Recently, various kinds of surveillance systems are proposed with a combination of cameras and image recognition software. Those systems are more important especially at night because of poor visibility, however, the recognition performance of system is also degraded due to the lack of quantity of light. In response to this situation, amplifying signal of image sensor is required to compensate for the insufficient light. At this time, large amount of noise signals are mixed simultaneously. Those noises reduce quality of amplified images and cause error detection in later image recognition stage. De-noise process is fundamental process of digital image processing because the noises can be generated not only by that power amplifying but also by variety of sources. Conventionally, many of approaches have been developed for denoising which only focused on strength of noise reduction.
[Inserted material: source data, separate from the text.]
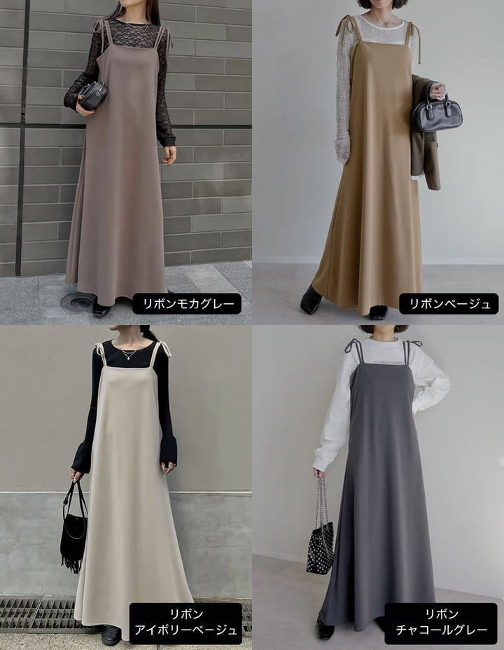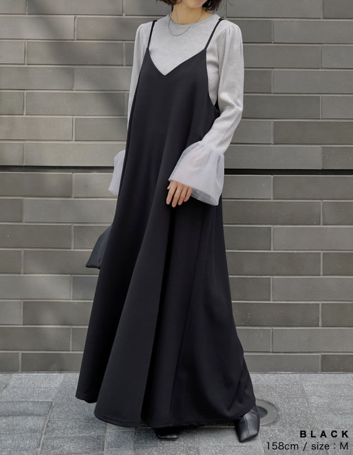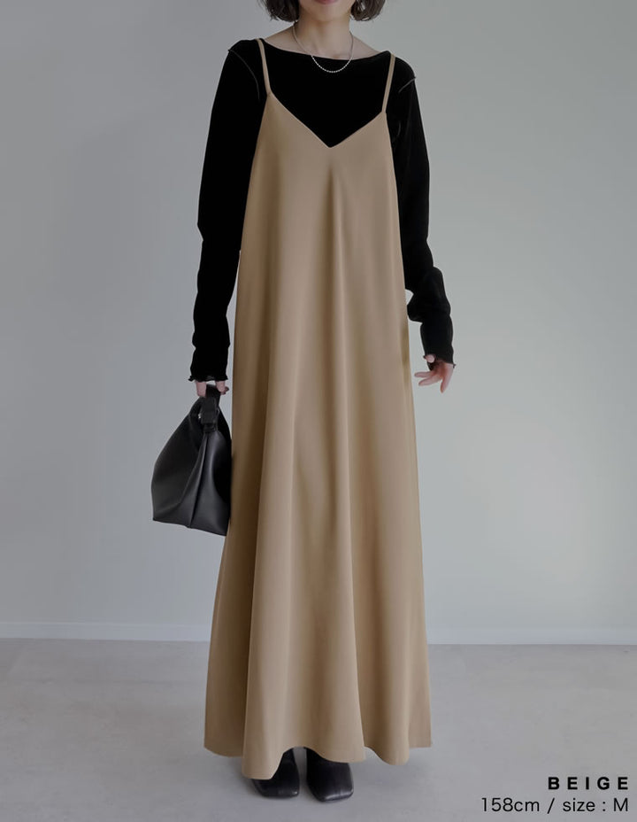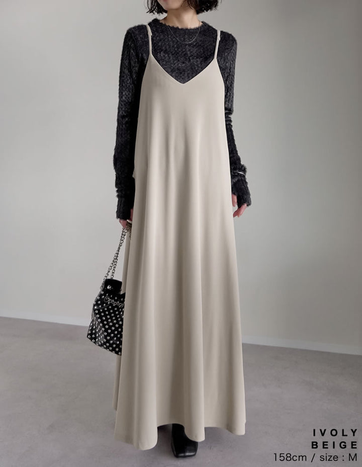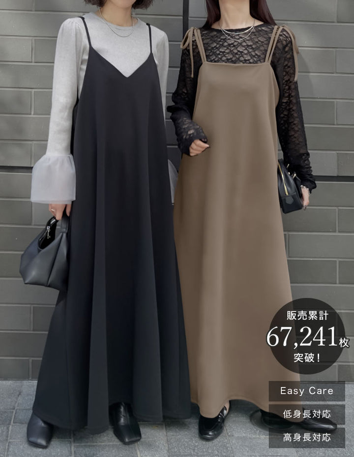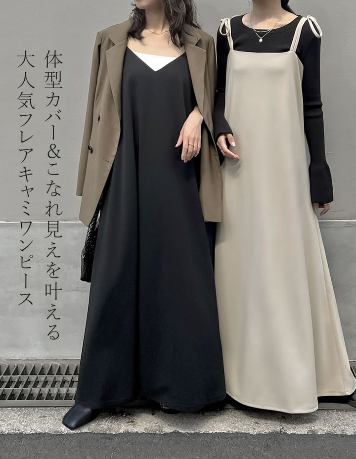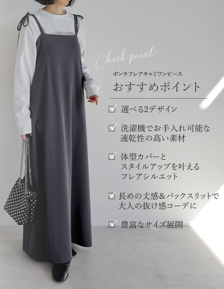 デイリースタイルにぴったりのイージーケアフレアキャミワンピース。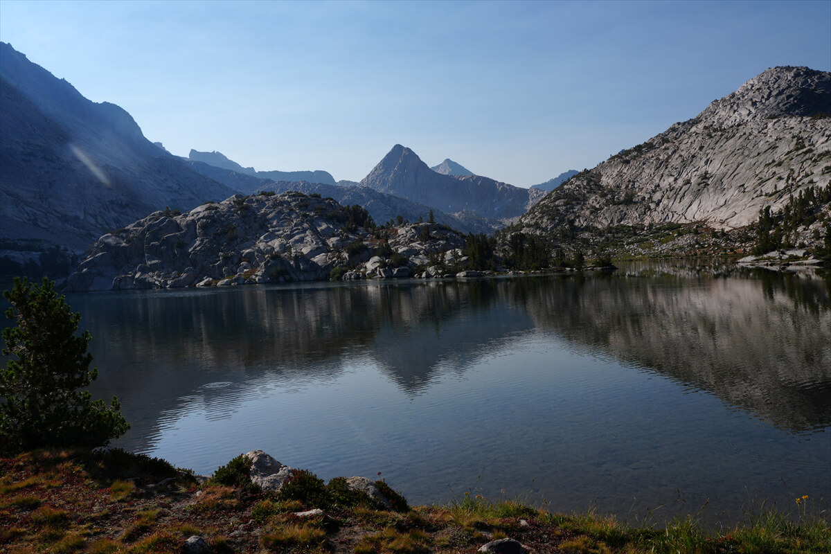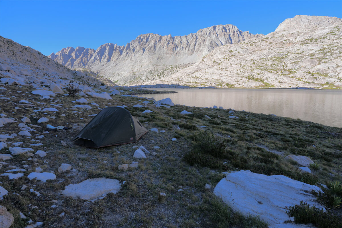 サファイア・レイクには 5 時に着いた。エボリューション・レイクまでは一時間かかるので諦めた。土地勘はあるので、湖の上流部分に張る予定で、サイトを探しながら歩いた。それらしい場所を見つけたので、オフ・トレイルで、まっすぐに下りてテントを設営した。それが図 8.11 である。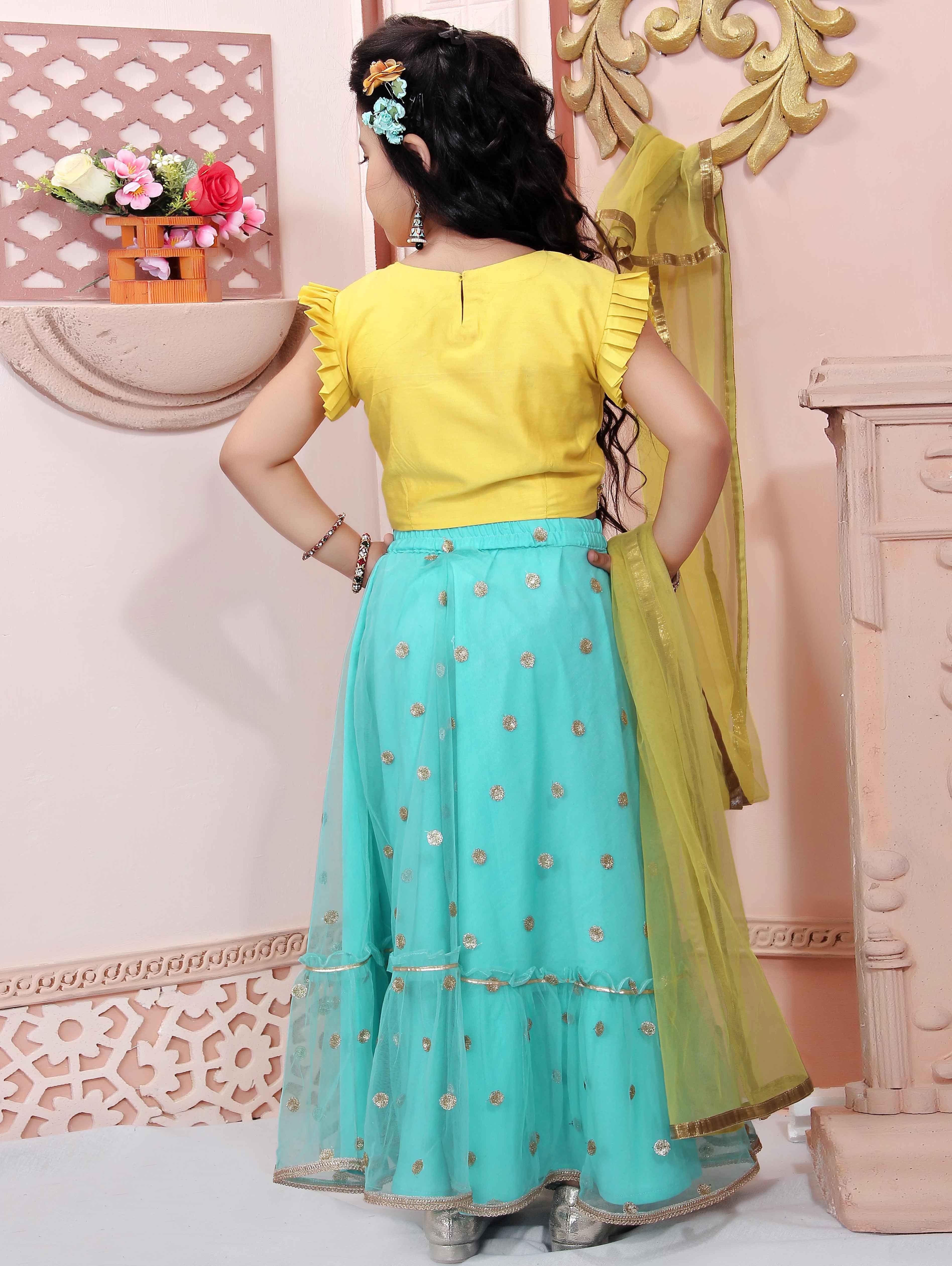 Explore in english - Blue Cotton Silk Lehenga Choli with Designer Sleeved Blouse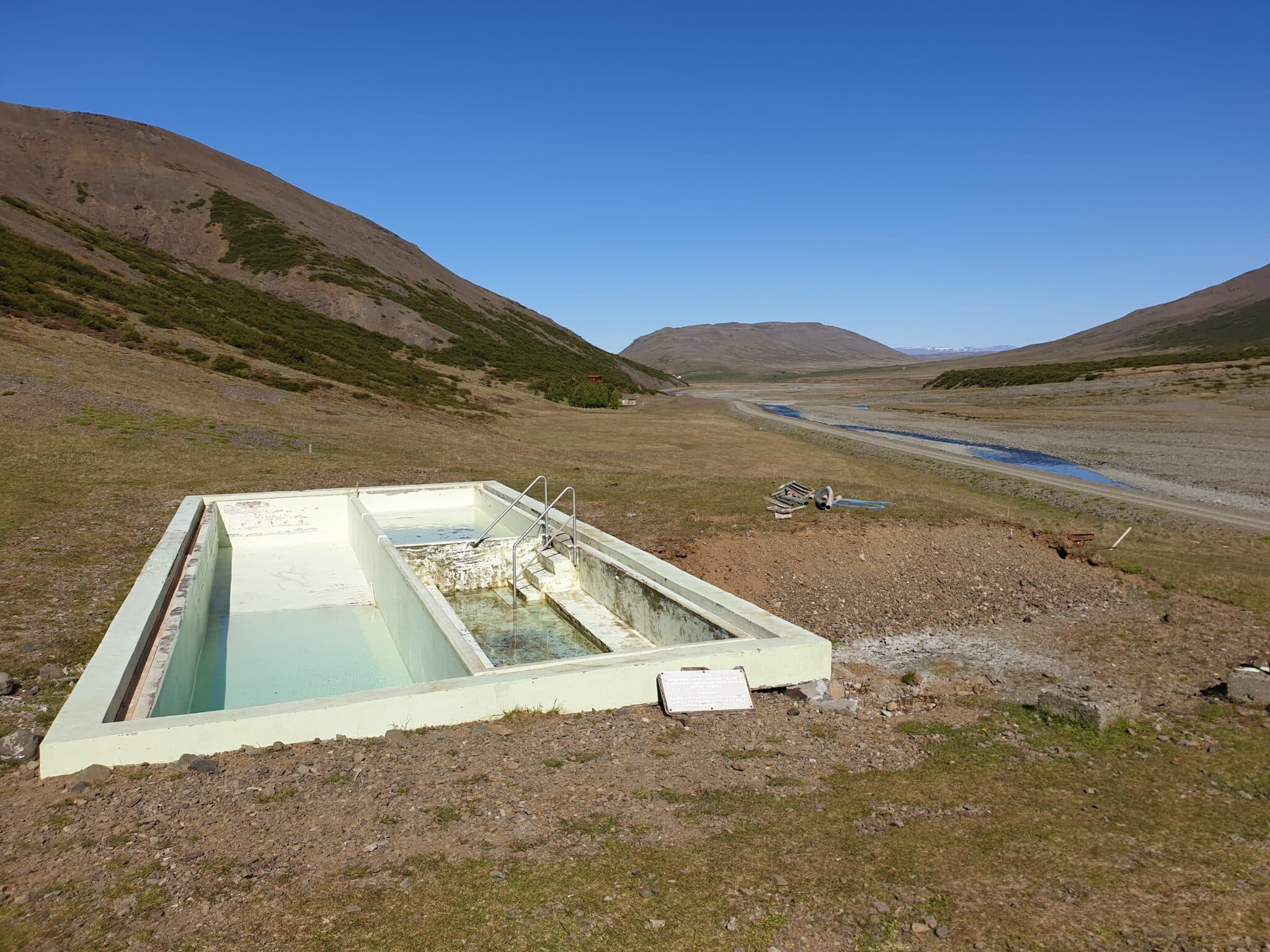 Hitaveitan nýtir vatn úr borholum við Grafarlaug í Reykjadal. Á myndinni er horft niður dalinn að Sauðafelli. Laugin var vatnslaus þegar myndin var tekin í júní 2019. Ljósm. Stefán Gíslason.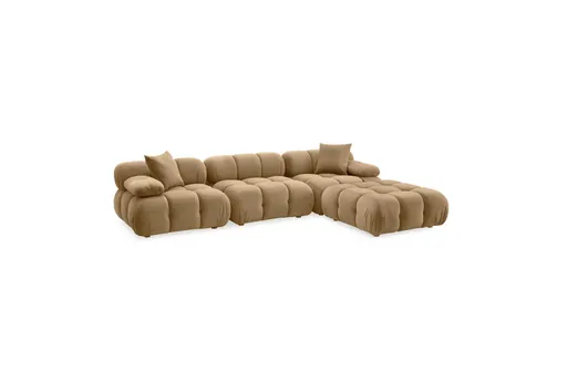The Calliope Cafe Au Lait Brown Performance Velvet Tufted 118" 4 Piece Modular Sectional With 2 Throw Pillows offers luxurious comfort and versatility for your living room. Designed with a modern aesthetic, this sectional is upholstered in high-performance velvet that combines durability with a plush feel. Its reversible orientation allows you to customize the layout to suit your space.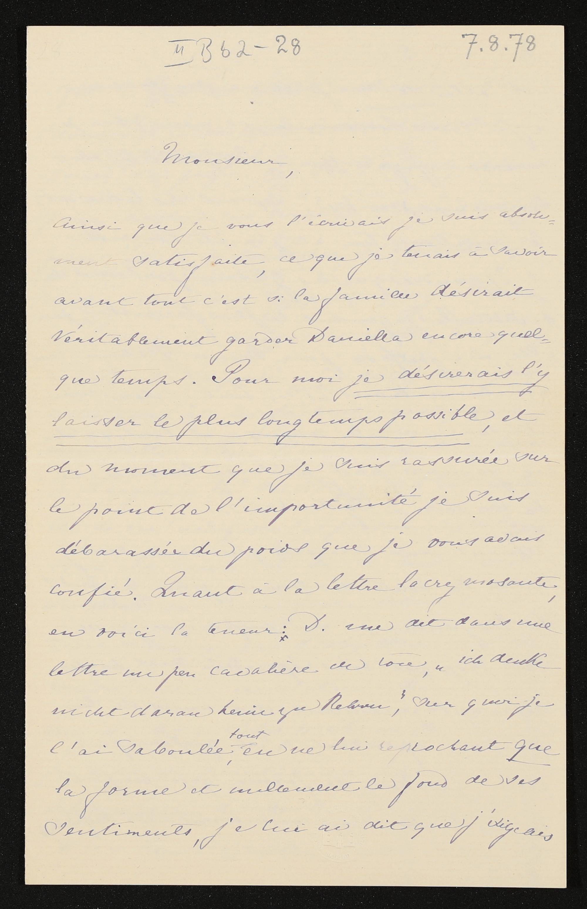 eigenhändiger Brief von Cosima Wagner an Hans von Bülow
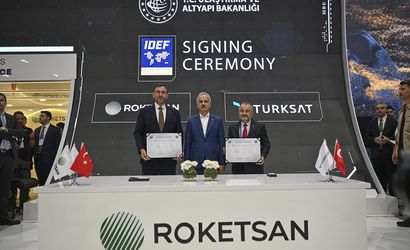 Anadolu Ajansının (AA) "Global İletişim Ortağı" olduğu, Milli Savunma Bakanlığı ev sahipliğinde, Cumhurbaşkanlığı Savunma Sanayii Başkanlığı destekleriyle, Türk Silahlı Kuvvetlerini Güçlendirme Vakfının (TSKGV) yönetim ve sorumluluğunda ve KFA Fuarcılık AŞ organizatörlüğünde İstanbul Fuar Merkezi'nde gerçekleştirilen 17. Uluslararası Savunma Sanayii Fuarı (IDEF 2025) çok sayıda protokole ev sahipliği yapmaya devam ediyor. Bu çerçevede Roketsan ve Türksat arasında gerçekleşen "Uydu Fırlatma ve Uzay Sistemleri Alanında İş Birliği Protokolü"nün imzaları, Ulaştırma ve Altyapı Bakanı Abdulkadir Uraloğlu'nun (ortada) katıldığı törende, Türksat Genel Müdürü Ahmet Hamdi Atalay (sağda) ve Roketsan Genel Müdürü Murat İkinci (solda) tarafından atıldı.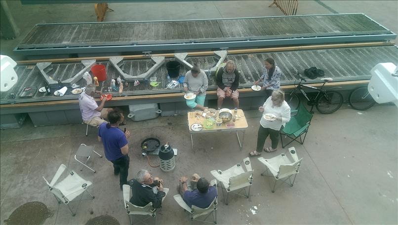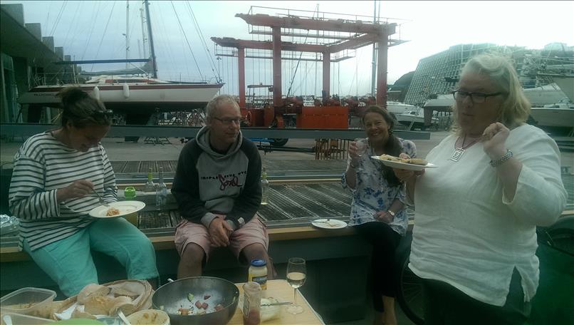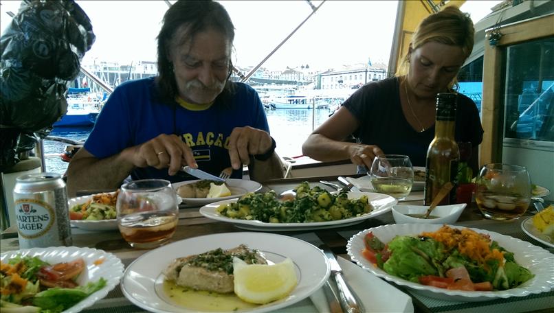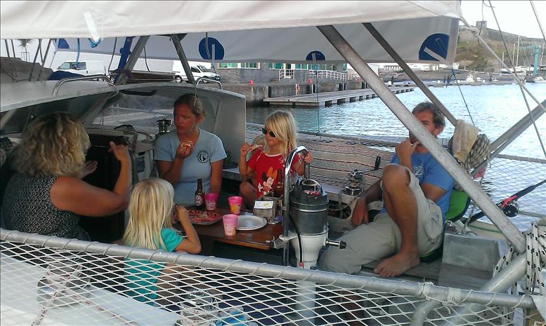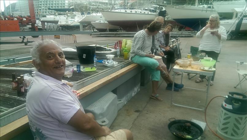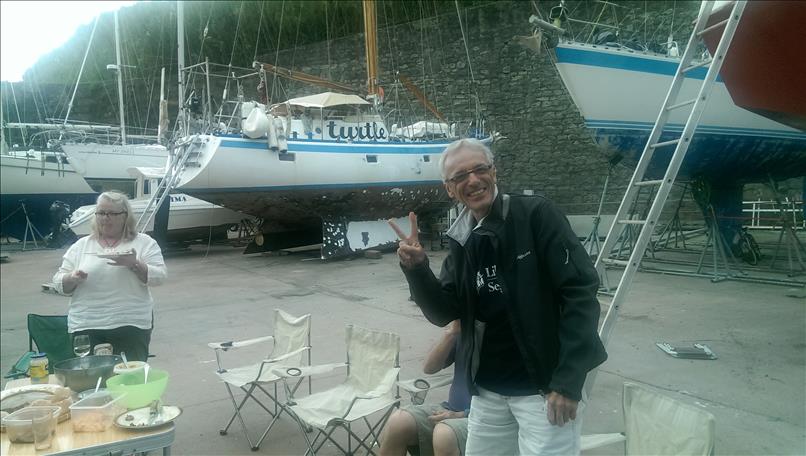 Damit’s nicht nur um Katastrophen geht: kurz vor dem Morgen ist die Nacht am finstersten! Auch der Regen macht manchmal Pause und wir feiern das mit Grillabenden in der Werft. Die Britin Barbara mit ihrer schwimmenden Katastrophe “Turtle”, deren weiblicher südafrikanischer Bootsmann Nicoletta, die Holländer Birgit und Daniel von der schönen “Synergie”, der (später leider mit Wirbelbruch im Spital gelandete) türkisch-britische Hikmet mit seinem lieben Hund Mischa und seinem betagten Boot “Taka Tuka”, Alain aus Kanada mit seiner antiseptischen “Solaise” und auch Andere machen gemeinsam mit uns das Beste draus.

With those conventional simple approaches, sharp outline restoring which is essential in image recognition is difficult because blur of outline become significantly serious in the case that intensity of noise reduction is increased. To solve above problem, we have developed a MRA-TV (Multi Resolution Analysis and Total Variation) algorithm which achieves both performance of noise reduction and reproducibility of outline with a capable of high performance image recognition. MRA-TV algorithm can be highly compatible noise reduction performance and
reproducibility because high-frequency components are preserved faithfully separated by wavelet transformation; furthermore, TV norm minimization method can reduce noises effectively. On the other hand, MRA-TV algorithm also has a defect that large circuit area is required because multiple TV modules have to equip a lot of multipliers.
In this work, we propose a small area circuit implementation technique for MRA-TV algorithm. Problem of large area of MRA-TV is derived from extraction of image skeleton by recursion of TV modules which requires amount of calculations and implementation areas. Number of iteration is strongly-correlated to the clarity of outline, therefore it is difficult to reduce the number of TV modules with the maintenance of the high-quality image. Thus we have focused on the area reduction of a TV module itself. This approach can achieve significant area reduction of the entire circuit because there are many TV modules in the circuit. For the above reason, we develop a technique for reduction of number of multiplication in a once of iteration in addition to a resource sharing technique utilizing high-level synthesis. With the introduction of those techniques, we achieve up to $73 \%$ of area reduction in a single TV module, besides, $52 \%$ of total area reduction under the five-hierarchal configuration of MRA-TV algorithm.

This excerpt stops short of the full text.